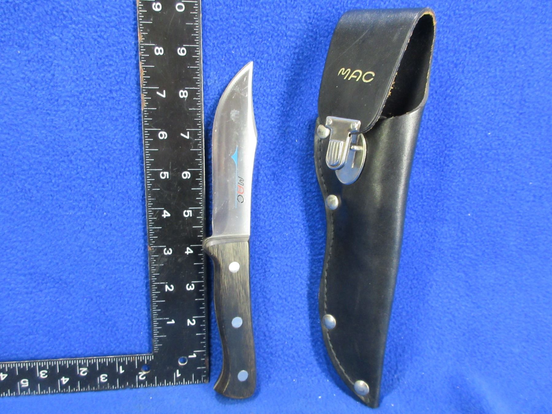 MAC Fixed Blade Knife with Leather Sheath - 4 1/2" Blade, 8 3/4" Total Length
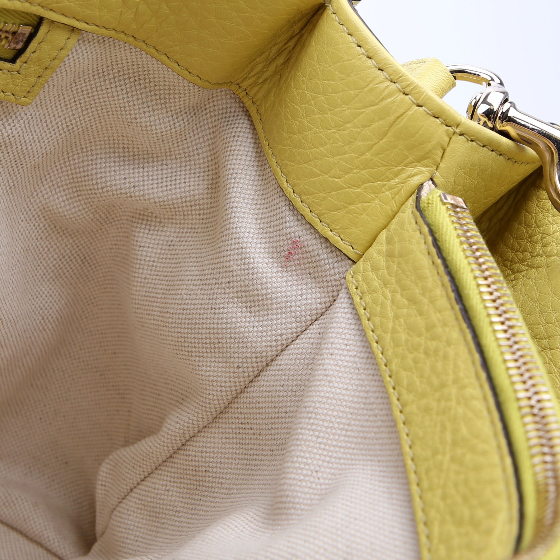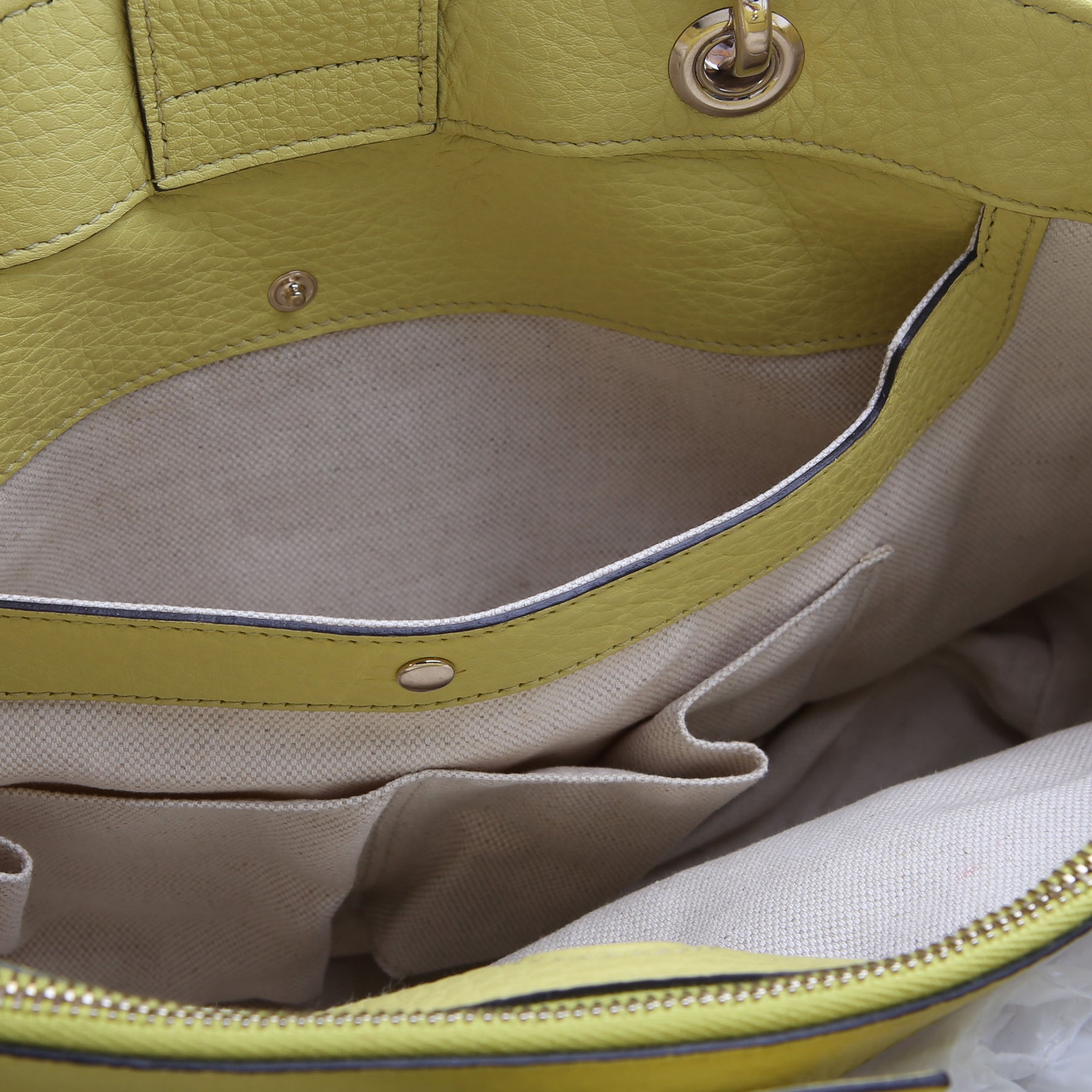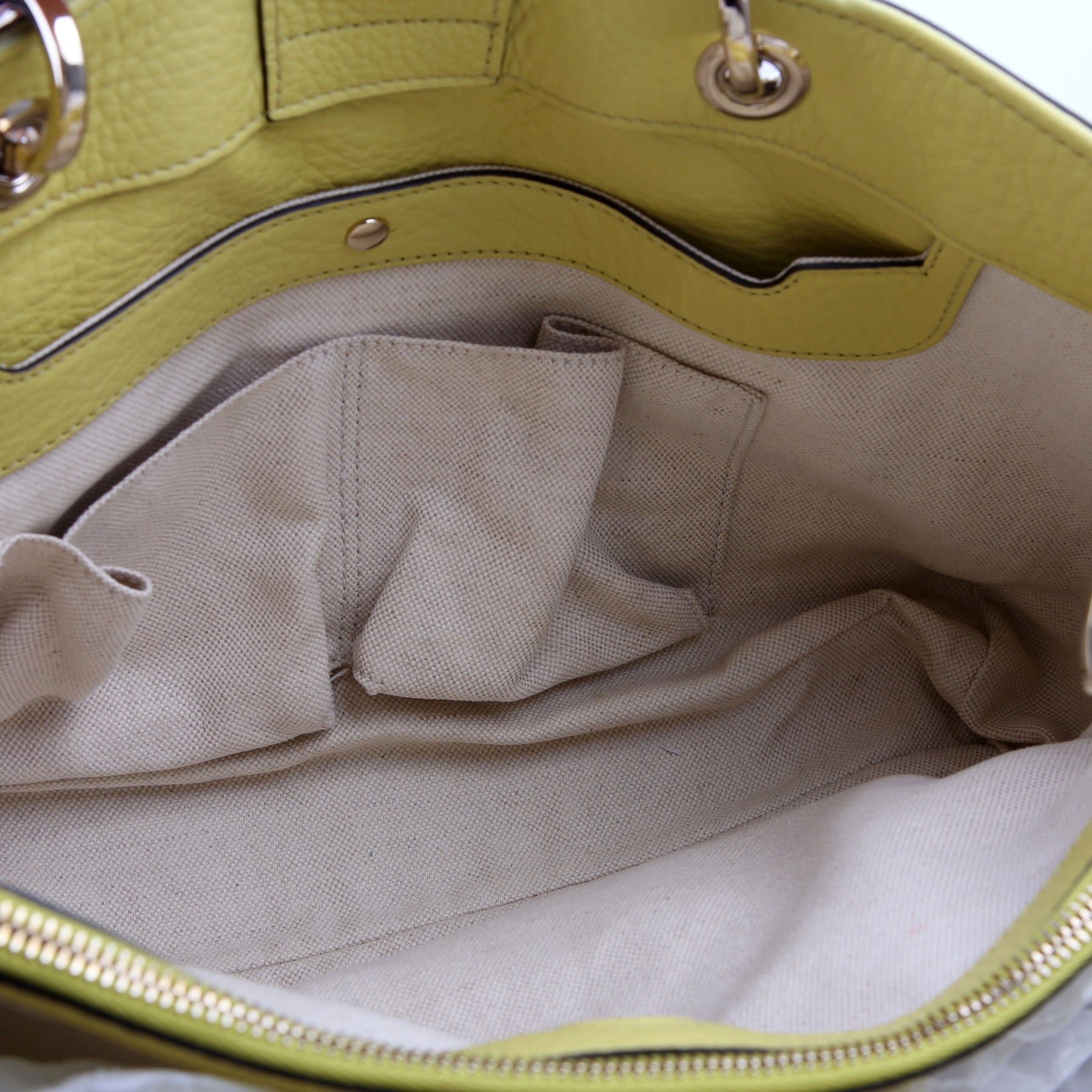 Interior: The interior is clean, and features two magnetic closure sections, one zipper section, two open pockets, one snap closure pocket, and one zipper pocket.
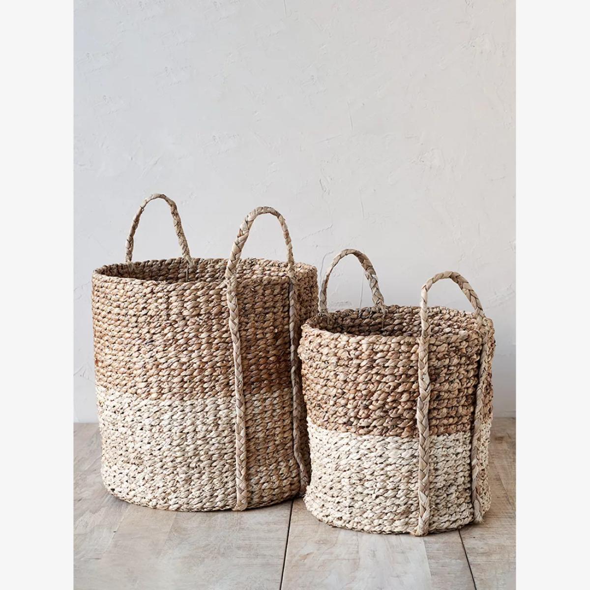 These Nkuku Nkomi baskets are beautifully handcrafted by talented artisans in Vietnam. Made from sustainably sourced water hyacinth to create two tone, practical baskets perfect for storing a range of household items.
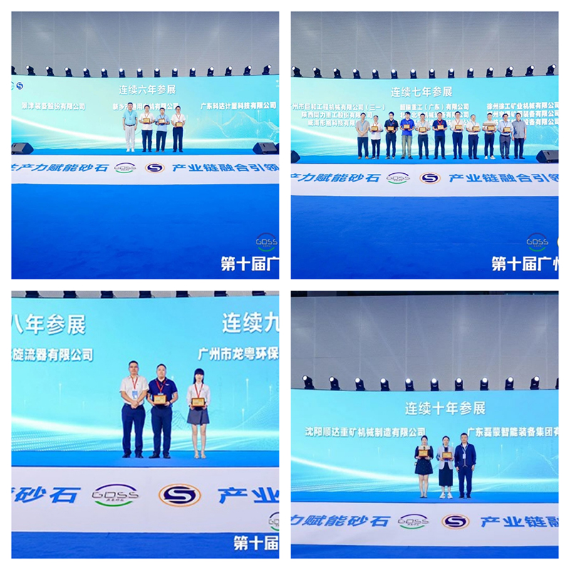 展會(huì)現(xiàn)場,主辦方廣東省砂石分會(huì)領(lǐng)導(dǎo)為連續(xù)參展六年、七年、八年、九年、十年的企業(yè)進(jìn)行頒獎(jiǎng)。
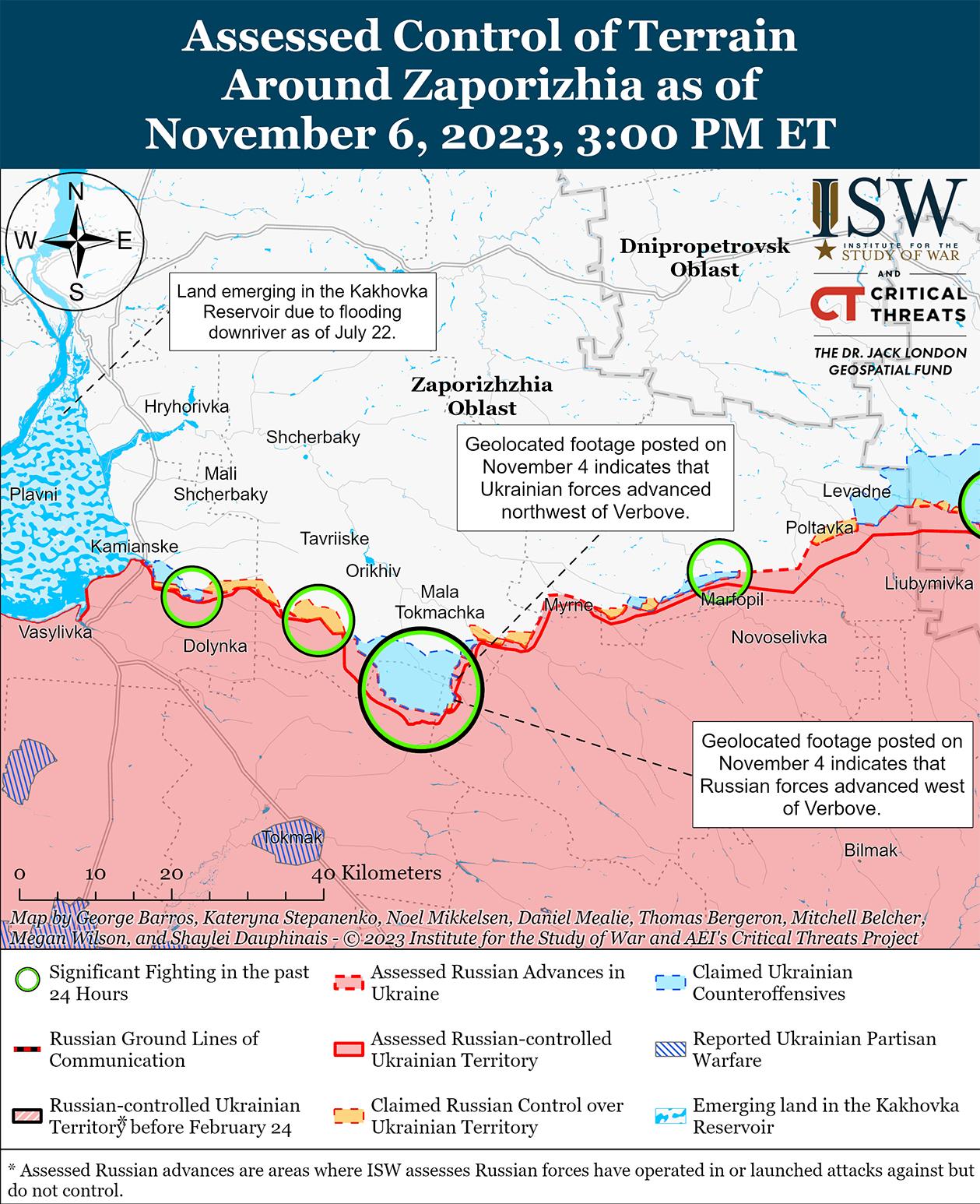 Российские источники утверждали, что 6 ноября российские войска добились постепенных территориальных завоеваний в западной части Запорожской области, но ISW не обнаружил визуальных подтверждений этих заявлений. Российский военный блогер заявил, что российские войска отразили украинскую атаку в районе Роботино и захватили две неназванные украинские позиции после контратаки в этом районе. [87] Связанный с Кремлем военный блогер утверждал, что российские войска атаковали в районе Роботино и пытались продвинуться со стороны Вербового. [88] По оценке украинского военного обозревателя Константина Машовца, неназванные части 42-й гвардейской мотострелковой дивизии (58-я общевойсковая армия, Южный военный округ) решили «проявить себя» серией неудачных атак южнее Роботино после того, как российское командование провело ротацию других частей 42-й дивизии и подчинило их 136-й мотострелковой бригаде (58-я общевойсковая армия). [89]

────

To do
Exactly the lines from the top of the listing through the line with "展會(huì)現(xiàn)", and no pictures, should be printed.

Task result
 MAC Fixed Blade Knife with Leather Sheath - 4 1/2" Blade, 8 3/4" Total Length
 Interior: The interior is clean, and features two magnetic closure sections, one zipper section, two open pockets, one snap closure pocket, and one zipper pocket.
 These Nkuku Nkomi baskets are beautifully handcrafted by talented artisans in Vietnam. Made from sustainably sourced water hyacinth to create two tone, practical baskets perfect for storing a range of household items.
 展會(huì)現(xiàn)場,主辦方廣東省砂石分會(huì)領(lǐng)導(dǎo)為連續(xù)參展六年、七年、八年、九年、十年的企業(yè)進(jìn)行頒獎(jiǎng)。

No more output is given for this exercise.